Creativity and tradition in craft production: opposites or two halves of a coin?  
Lise Bender Jørgensen (Norwegian University of Science & Technology)

Paper short abstract:

The paper explores the relationship between creativity and tradition and how this interacts with transmission of craftsmanship between generations

Paper long abstract:

A combination of knowledge and skill, craftsmanship is transmitted in communities of knowledge, informally within the family, or more formally through apprenticeship. The absorption of crafts knowledge includes learning to use the senses to see, hear, feel, smell or taste to assess aspects such as the quality of raw materials, if a fire is sufficiently hot, whether or the desired consistency has been reached. Imitation of the master is a core element; the craft is mastered when the apprentice is able to carry out the whole process, resulting in an acceptable copy of the master's work. Imitation assists upholding the proper quality of the products. Still, the ability to imitate is also the precondition for improvisation, for changing the process in ways that do not jeopardize the workmanship, and thus for being accepted by the community.

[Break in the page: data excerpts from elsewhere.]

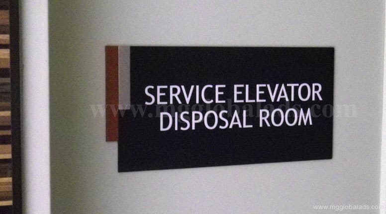Black acrylic indoor room signage with SERVICE ELEVATOR DISPOSAL ROOM text, Metro Manila, sign maker Philippines by M&G Global Ads.
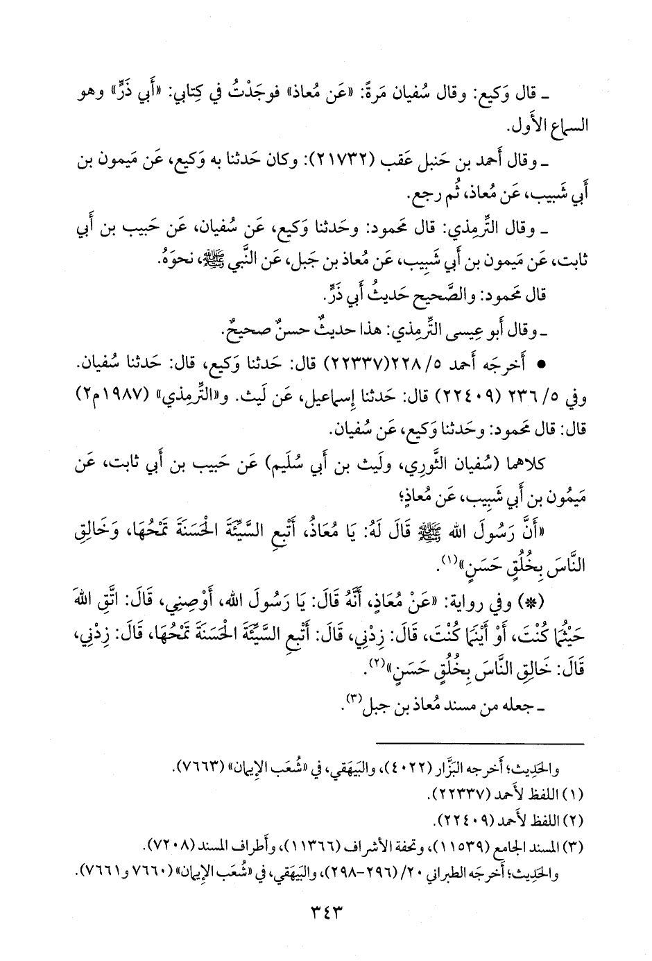 «أن النبي صَلى الله عَليه وسَلم قال: يا معاذ، وقد قال وكيع بأخرة: يا أبا ذر ـ أتبع السيئة الحسنة تمحها, وخالق الناس خلقا حسنا»، «مُرسَل».
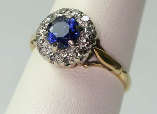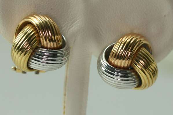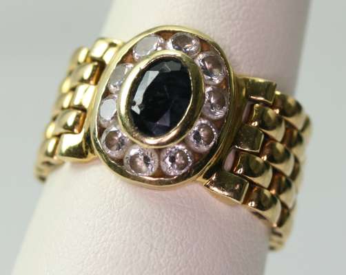 claw set with a circular cut sapphire, within a surround of single cut diamonds; another ring, composed of flexible brick form links, collet set to the front with an oval cut sapphire, within a surround of circular cut colourless gems, stamped 750; together with a pair of three-coloured knot form earrings, with post and hinged clip fittings, stamped 750 (3)
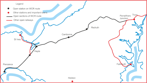 - Cuando el Ferrocarril de Cornualles conectó su estación de Truro con la línea del Oeste de Cornualles en 1870, la mayoría de los trenes de pasajeros del Ferrocarril del Oeste de Cornualles se desviaron hacia ella; sin embargo, era propiedad y estaba operada en su totalidad por la compañía del Ferrocarril de Cornualles.
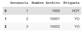 A su vez, en un archivo de Excel cada nombre de archivo de imagen es asignado con una etiqueta de su correspondiente significado o expresión de seña, en el mismo orden en que la matriz tiene guardada la imagen. Con la librería Pandas de Python, se cargó este archivo de Excel (almacenado en formato CSV) y se visualizaron los primeros registros de la asociación del nombre de la imagen con su etiqueta como se ve en (Fig. 27).
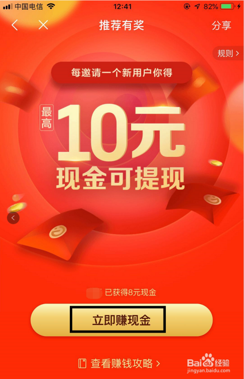 在保举有奖本家儿页下,找到并点击金色的【当即赚现金】按钮,如图所示!
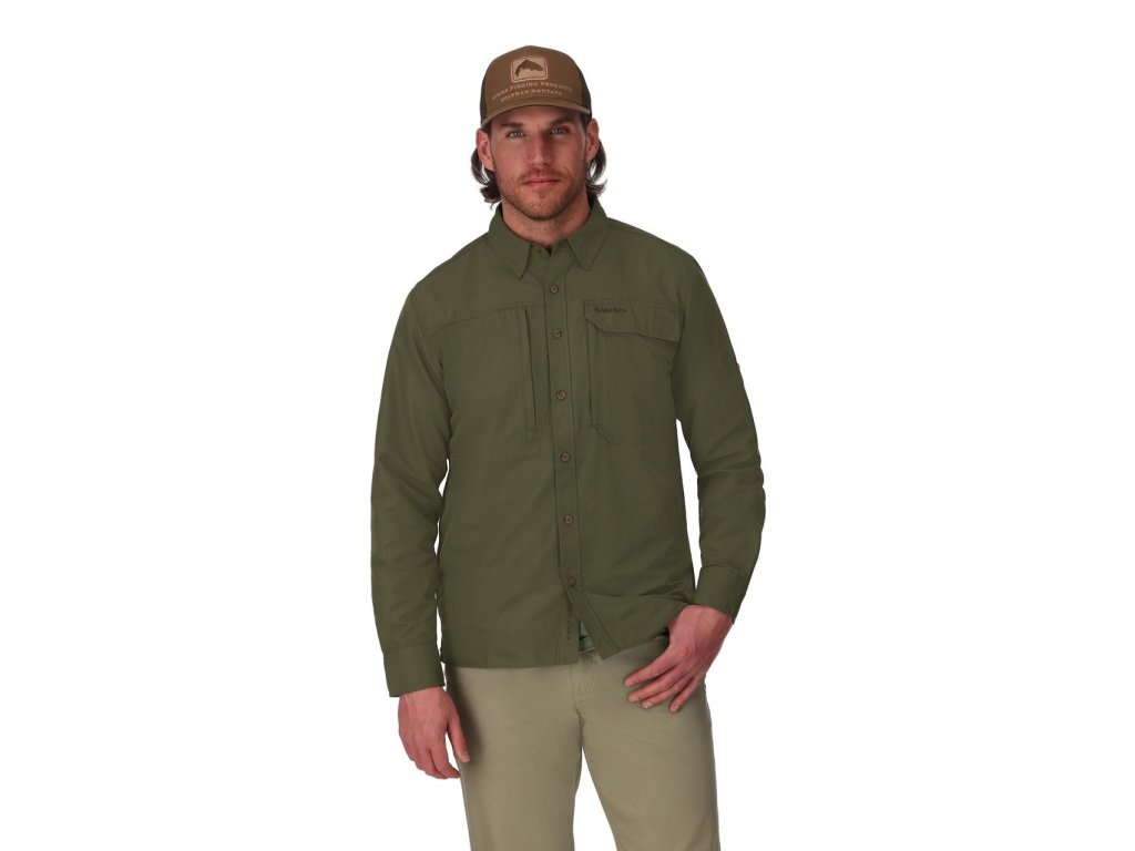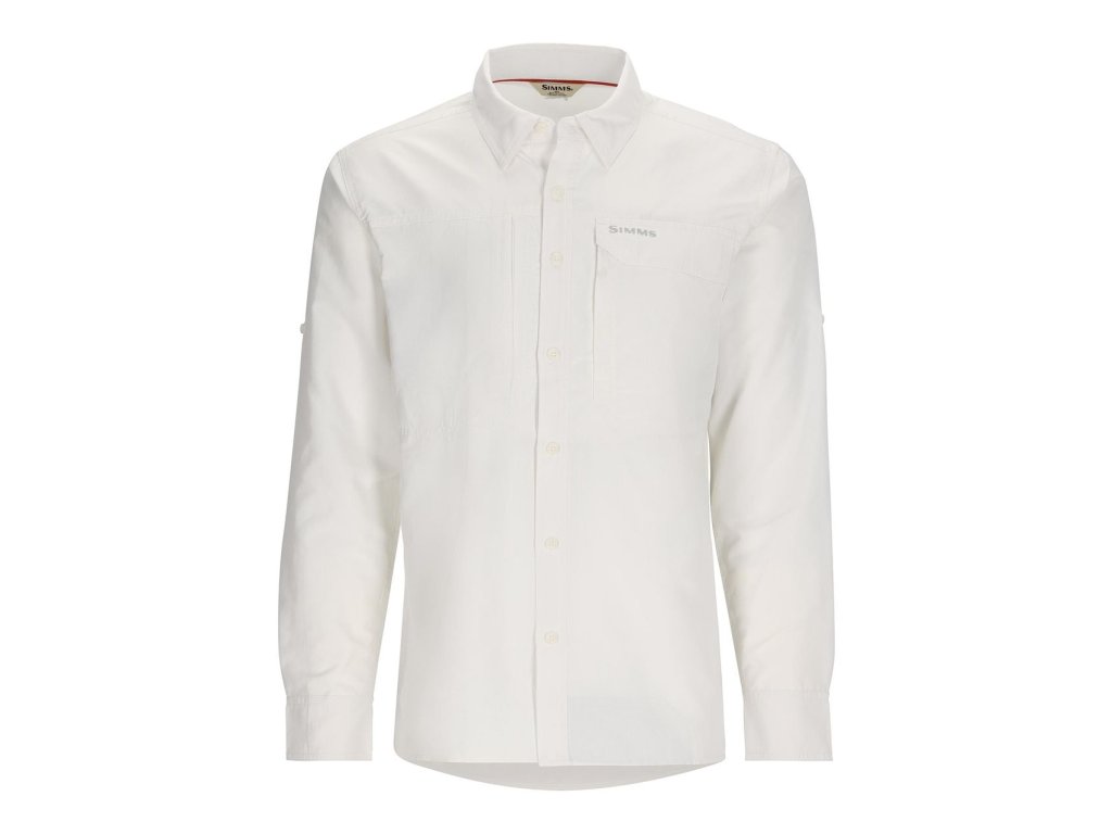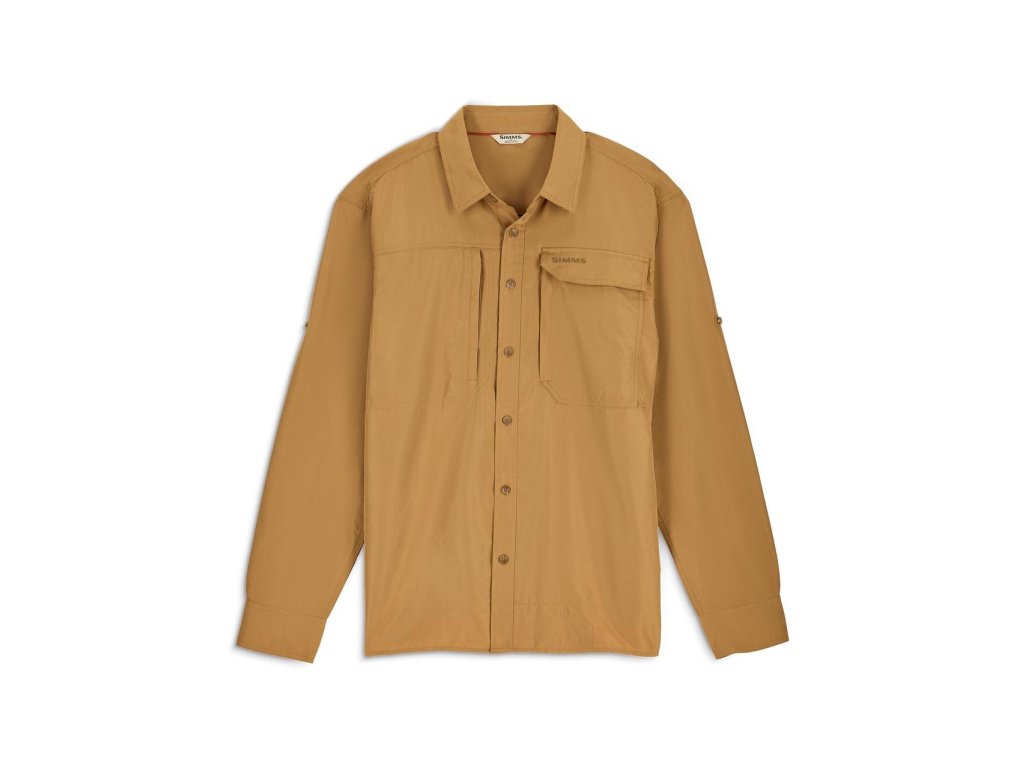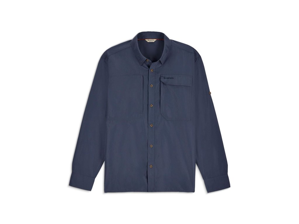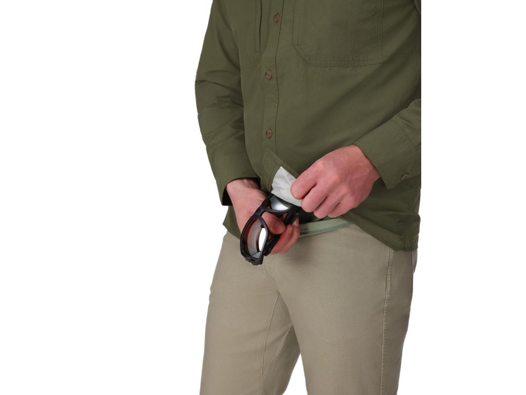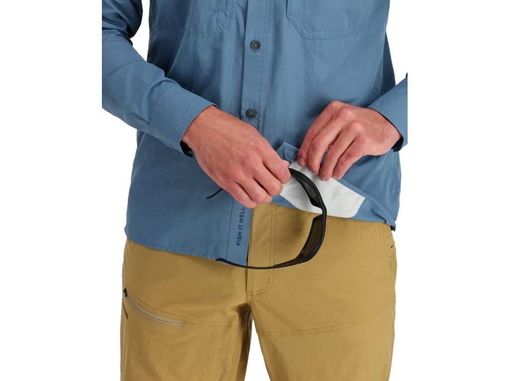 • Built from our trustworthy and proven poly-nylon ripstop blend, this woven fast-drying fabric has protected our anglers from the sun for over a decade • Classic point collar for a crisp look and casual feel, center back locker loop and button-front closure. Finished with shirttail hem, self-fabric side seam gusset and convenient sunglasses chamois • Left chest drop-in pocket with welt closure, stacked with a bonus hidden zippered pocket. The right chest pocket closes with a vertical zipper. Pockets are lined with mesh for water drainage and quick drying. • The back yoke extends over shoulders for enhanced stretch and mobility, finished with a back vent for comfort in hot, humid weather • Adjustable, roll-up set-in sleeves secure with button closures. Cuffs designed for back-of-hand sun protection. • This product is crafted without the use of PFAs FABRIC TECHNOLOGY: - Body - 75% polyester/ 25% nylon, 90 gsm ripstop woven heater with MCS + UPF blocker

The importance of imitation in craft transmission encourages the maintaining of tradition, of doing it exactly as it always has been done. Changes signal lack of conformity. Somebody has chosen to do things differently, has gotten away with it, and established a new tradition. Prehistory supplies us with many examples, both of tradition and change. How can we use these to investigate the nature of creativity, and how it interacts with tradition?